** Opening AVAILABLE DATA block **

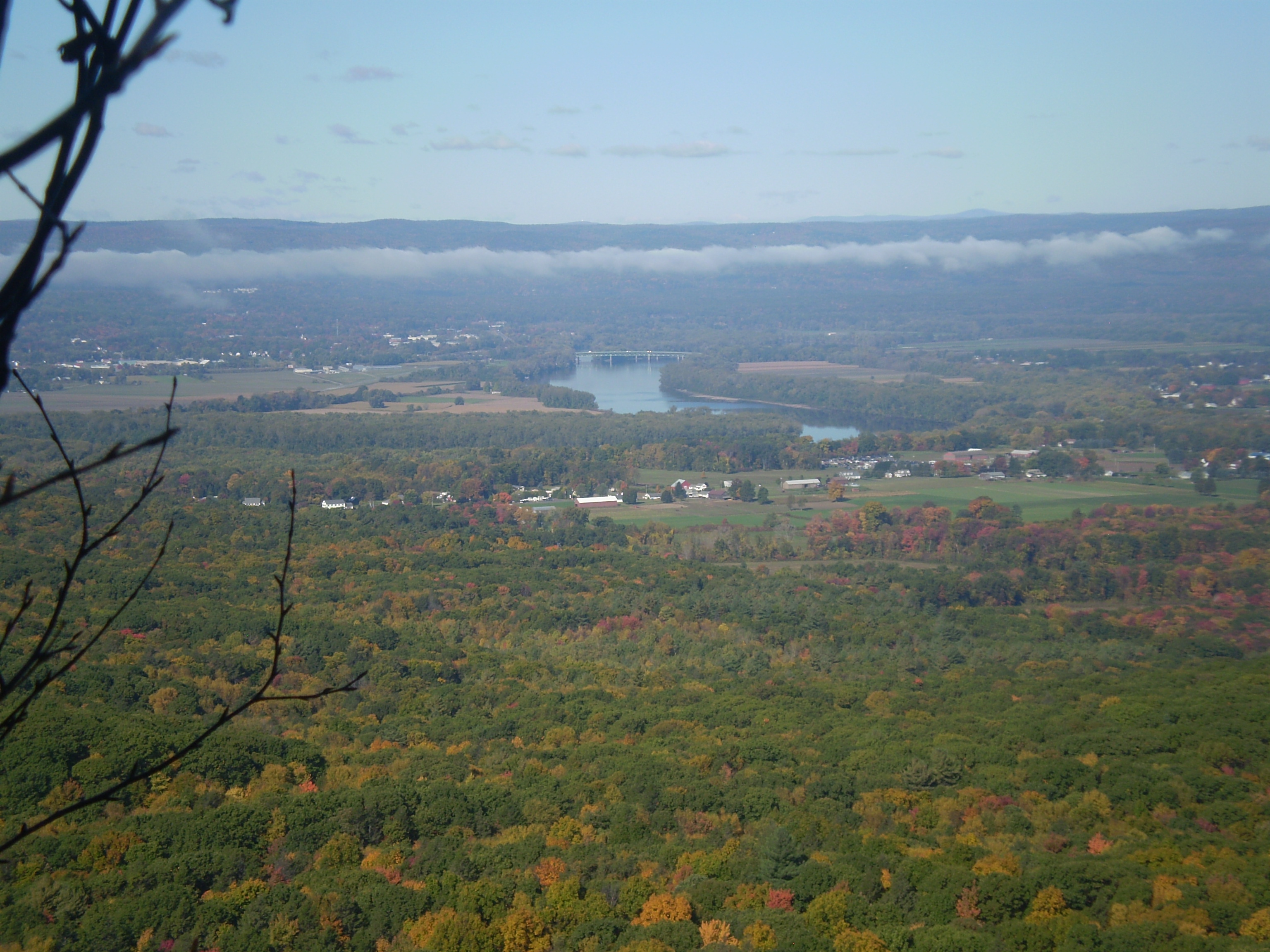 When I arrived at the somewhat cramped lookout on Mt. Hitchcock, with its view north of the Upper Pioneer Valley, there was already a family there, sitting on the rocks. I took a photograph of the Coolidge Bridge, visible in the far distance, and kept walking.
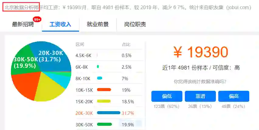 这与个人技术Level有很大关系,翻阅各大招聘网站JD,你能很快找到原因:高薪分析师除了掌握必要的工具和方法论,更重要的是对算法的理解程度。但很多分析师工作用不到算法,平时也不积累相关知识,后期发展中就遇到了很多麻烦:
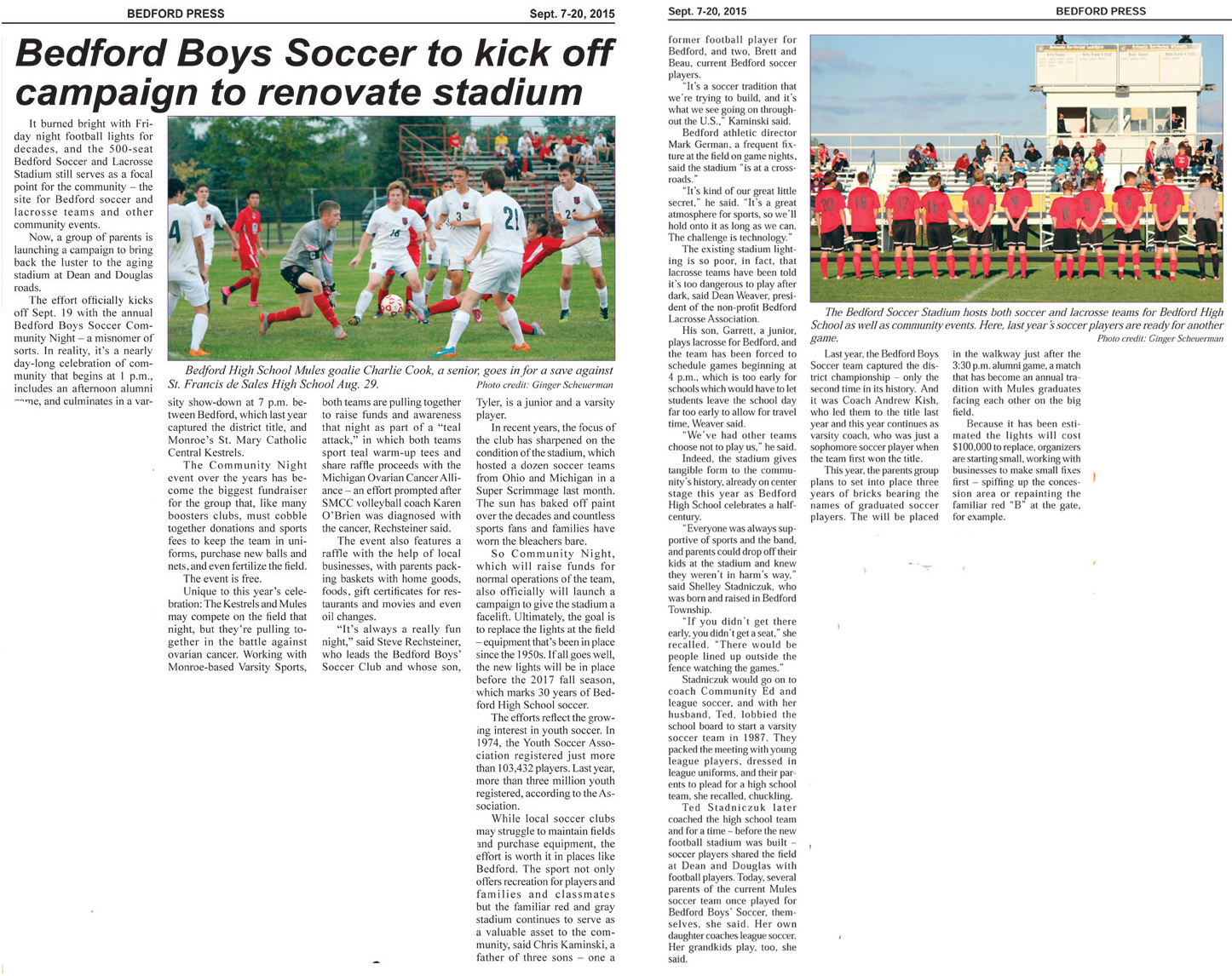 Click here to view Bedford Press Article September 7, 2015 "Bedford Boys Soccer To Kick Off Campaign To Renovate Stadium"

** Closing AVAILABLE DATA block **

ACTIVITY
Leaving the pictures aside, repeat the data above exactly.

EXERCISE SOLUTION
 When I arrived at the somewhat cramped lookout on Mt. Hitchcock, with its view north of the Upper Pioneer Valley, there was already a family there, sitting on the rocks. I took a photograph of the Coolidge Bridge, visible in the far distance, and kept walking.
 这与个人技术Level有很大关系,翻阅各大招聘网站JD,你能很快找到原因:高薪分析师除了掌握必要的工具和方法论,更重要的是对算法的理解程度。但很多分析师工作用不到算法,平时也不积累相关知识,后期发展中就遇到了很多麻烦:
 Click here to view Bedford Press Article September 7, 2015 "Bedford Boys Soccer To Kick Off Campaign To Renovate Stadium"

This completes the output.